▶ _Task item_
Where the records below reach the line containing "Zware multishot cakes", start transcribing, and end with the line containing "- Les oignons", exactly and with nothing else added.

▶ _Records for the exercise_
════

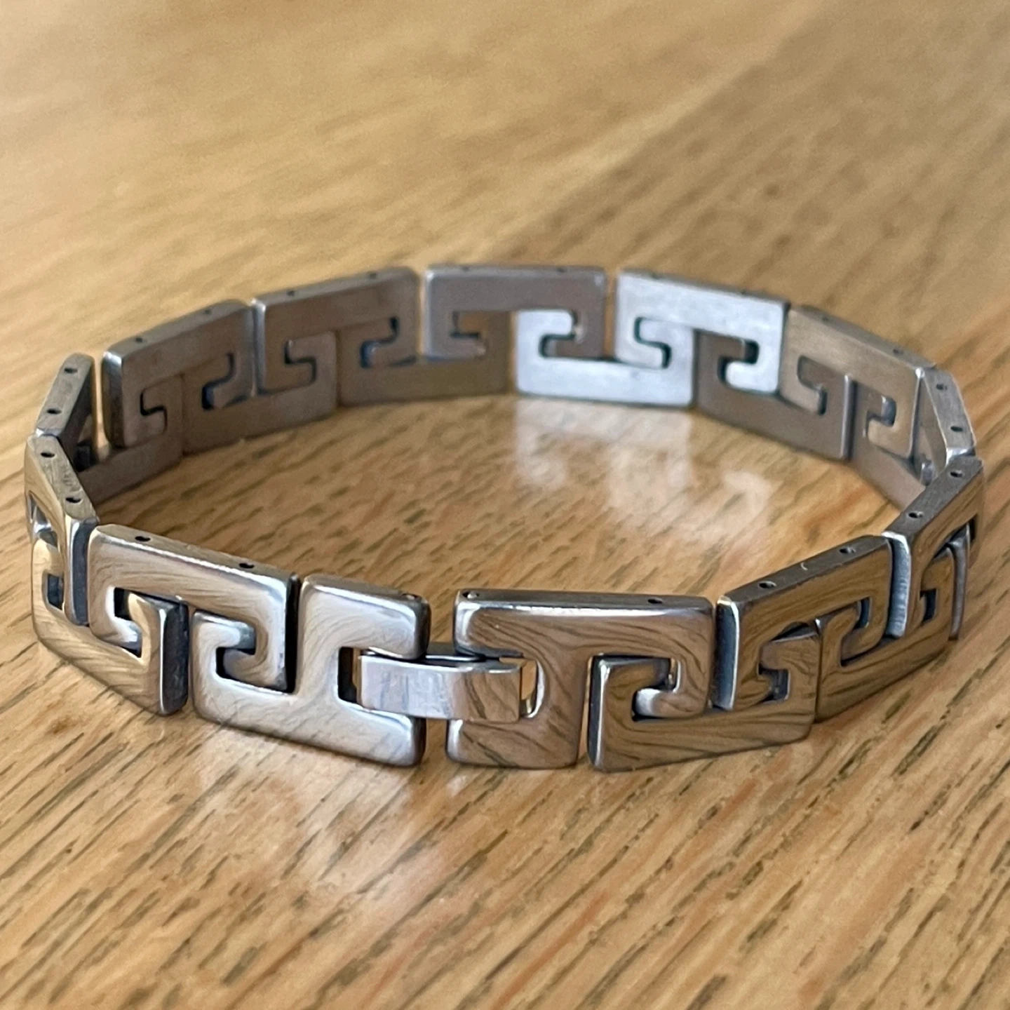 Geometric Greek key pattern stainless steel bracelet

════

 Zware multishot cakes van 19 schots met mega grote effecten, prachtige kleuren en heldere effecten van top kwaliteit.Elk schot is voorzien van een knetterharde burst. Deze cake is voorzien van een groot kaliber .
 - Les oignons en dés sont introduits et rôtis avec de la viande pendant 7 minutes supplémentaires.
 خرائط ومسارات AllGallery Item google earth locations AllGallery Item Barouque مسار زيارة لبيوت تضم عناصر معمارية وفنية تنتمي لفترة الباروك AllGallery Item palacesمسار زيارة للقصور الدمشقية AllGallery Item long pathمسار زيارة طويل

════

▶ _Exercise solution_
 Zware multishot cakes van 19 schots met mega grote effecten, prachtige kleuren en heldere effecten van top kwaliteit.Elk schot is voorzien van een knetterharde burst. Deze cake is voorzien van een groot kaliber .
 - Les oignons en dés sont introduits et rôtis avec de la viande pendant 7 minutes supplémentaires.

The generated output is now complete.